Ollama is a free tool that makes running Llama on your Mac, Windows, or Linux computer as simple as a single command. Your data never leaves your machine. No API key needed. No usage limits. Completely private.

Minimum hardware for the 8B model: 8GB RAM (runs on most modern laptops). For 70B: 48GB RAM (high-end workstation or Mac with M-series chip and 64GB RAM).

When running locally makes sense

You are a doctor and you want AI help with patient notes — but you cannot send patient data to OpenAI’s servers. Run Llama locally. All patient information stays on your computer.

You are a lawyer reviewing confidential contracts.

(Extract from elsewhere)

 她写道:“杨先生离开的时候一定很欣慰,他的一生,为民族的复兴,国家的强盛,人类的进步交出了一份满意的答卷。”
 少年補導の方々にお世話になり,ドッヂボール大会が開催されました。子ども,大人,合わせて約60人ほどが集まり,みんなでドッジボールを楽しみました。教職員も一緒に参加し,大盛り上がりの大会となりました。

Run Llama locally. The contracts never leave your office.

You are a developer building an app and you need AI that works offline. Llama locally means your app works without internet.

3. Products built on Llama

Hundreds of products use Llama as their foundation. When you use a customer service chatbot, a coding assistant, a writing tool, or a business AI — there is a reasonable chance it is powered by a fine-tuned Llama model. You may never know, because the company has taken Llama and customised it for their specific use case.

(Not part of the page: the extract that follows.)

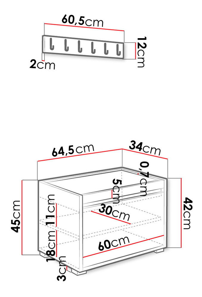 ZobrazitNábytek do předsíně Konkor 60 + čalouněný nástěnný panel je ideální volbou pro ty, kteří hledají pohodlí a styl. Nábytková sestava Konkor slouží k zajímavějšímu a praktičtějšímu uspořádání předsíně. Kombinace botníku s panelem, na kterém jsou uchyceny ramínka, zlepšuje funkčnost prostoru. Urostlá skříň navíc nezabere mnoho místa, umožní pohodlné přezouvání a zavěšení bundy po návratu z města, práce či rodinného výletu. Vrchní část skříně je obložena měkkým čalouněným panelem. Jeho barvy můžete sladit s ostatními prvky dekoru pomocí barev, které jsme připravili. Rozměry: Skříňka na boty Konkor 60: šířka: 64 cm, výška: 45 cm, hloubka: 34 cm, Věšák na šaty 60: šířka: 60 cm, výška: 12 cm, hloubka: 2 cm, Čalouněný panel Pag 60x30: šířka: 60 cm, výška: nábytku: dřevotříska o tloušťce 16 mm, obyčejné panty, žádné rukojeti: otevírání „zezadu“, stříbrné plastové nohy, horní část skříňky má hranu, která drží čalouněné panely (není třeba je lepit na tělo skříňky), věšák obsahuje 6 háků na oblečení + 3 cm silná pěna T18 + látka, tvar: obdélník, 3D efekt, chrání stěny před poškozením, zvukotěsný, použití: uvnitř, panely ideální k dokončení stěny, například jako čelo postele nad postelí Záruka: 24 měsíců

4. Cloud APIs — try without hardware requirements

If you want to try Llama models without downloading them, several cloud providers offer API access at low cost:

  • Groq (groq.com) — Extremely fast Llama inference, free tier available
  • Together AI (together.ai) — Multiple Llama variants, pay per token
  • Replicate (replicate.com) — Easy API access, pay per use
  • AWS Bedrock, Azure, Google Cloud — Enterprise-grade hosting

What makes Llama special — the open-source advantage

Privacy

When you send text to ChatGPT or Claude, that text goes to OpenAI’s or Anthropic’s servers. Their privacy policies say they do not use it to train models (unless you opt in), but your data does leave your device. For sensitive information — medical records, legal documents, financial data, personal matters — this may be unacceptable.

Running Llama locally means your data never leaves your computer. Full stop.

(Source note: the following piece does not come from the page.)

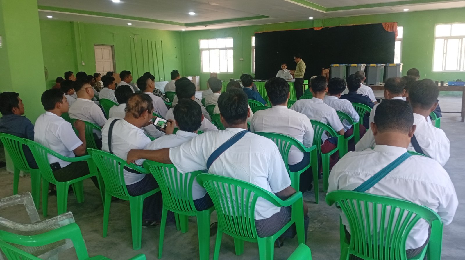 ဦးစွာ မြို့နယ်ရွေးကောက်ပွဲကော်မရှင်ဥက္ကဋ္ဌ ဦးမြင့်ဇော်နှင့် မြို့နယ်အထွေထွေအုပ်ချုပ်ရေးဦးစီးဌာနမှ ဒုတိယမြို့နယ်အုပ်ချုပ်ရေး ဦးသိန်းဇော်တို့က အမှာစကားပြောကြားပြီး သင်တန်းမြို့နယ်ကော်မရှင်ရုံးမှ ဒုတိယဦးစီးမှူး ဒေါ်စန်းစန်းစိုးက မဲပေးစက်ကိုင် တာဝန်ကျဝန်ထမ်းများ၏ တာဝန်နှင့်လုပ်ငန်းစဉ်များကို ရှင်းလင်းဆွေးနွေးပြီး မဲပေးစက်တပ်ဆင် အသုံးပြုပုံအဆင့်ဆင့်ကို အဖွဲ့လိုက်လက်တွေ့သရုပ်ပြ ရှင်းလင်းပြသသည်။ အဆိုပါသင်တန်းသို့ သင်တန်းသားသင်တန်းသူ (၅၀)ဦး တက်ရောက်ခဲ့ကြကြောင်း သိရသည်။

Customisation — fine-tuning

One of the most powerful things you can do with an open-weight model is fine-tune it — train it further on your own data to become a specialist. A hospital can fine-tune Llama on medical literature and clinical notes to create an AI that understands medical language far better than a general model. A law firm can fine-tune on legal documents. An e-commerce company on product catalogue and customer service interactions.

Fine-tuning a closed model (like GPT-4) is limited to what the API provider allows. Fine-tuning Llama has no restrictions — you are working with the weights directly.

Cost at scale

Paying OpenAI or Anthropic per API call adds up at scale. A product making millions of AI requests per day pays substantial API fees. Running your own Llama instance — on your own servers or cloud infrastructure — can be significantly cheaper once you reach sufficient volume. Many companies reach the crossover point where self-hosting is cheaper than API usage.

Independence

If OpenAI changes its pricing, its terms of service, its model behaviour, or if it goes out of business — every product built on the OpenAI API is affected. Products built on Llama are not. The weights they downloaded do not change. Their model continues working regardless of what happens to Meta.

Using Llama in practice

For most working users, the choice is between Meta AI (simple, no setup), a cloud API (flexible, scalable), or a local installation (private, unlimited). Here is a practical guide for each.

Option 1: Meta AI — zero setup

Go to meta.ai. Create or sign in with a Meta account. Start chatting. This is Llama 4 running on Meta’s infrastructure — the same underlying model, with Meta’s fine-tuning and safety layers on top. Free. No technical setup.

Option 2: Ollama — local in 10 minutes

Set up Ollama (Mac/Linux/Windows)
# Step 1: Install Ollama from ollama.com
# (One-click installer for Mac/Windows, curl for Linux)

# Step 2: Pull a model and start chatting
ollama run llama3.2          # 3B — fast, works on most computers
ollama run llama3.1:8b       # 8B — better quality, needs 8GB RAM
ollama run llama3.1:70b      # 70B — best quality, needs 48GB RAM

# Step 3: Ollama also runs as a local API
curl http://localhost:11434/api/generate -d '{
  "model": "llama3.1:8b",
  "prompt": "Explain quantum computing simply",
  "stream": false
}'

Option 3: Groq API — fastest inference available

Groq API — Python (free tier available)
from groq import Groq

client = Groq(api_key="your-groq-api-key")

response = client.chat.completions.create(
    model="llama-3.1-70b-versatile",
    messages=[
        {"role": "system", "content": "You are a helpful assistant."},
        {"role": "user", "content": "Summarise this document: [paste content]"}
    ],
    temperature=0.7,
    max_tokens=1024
)

print(response.choices[0].message.content)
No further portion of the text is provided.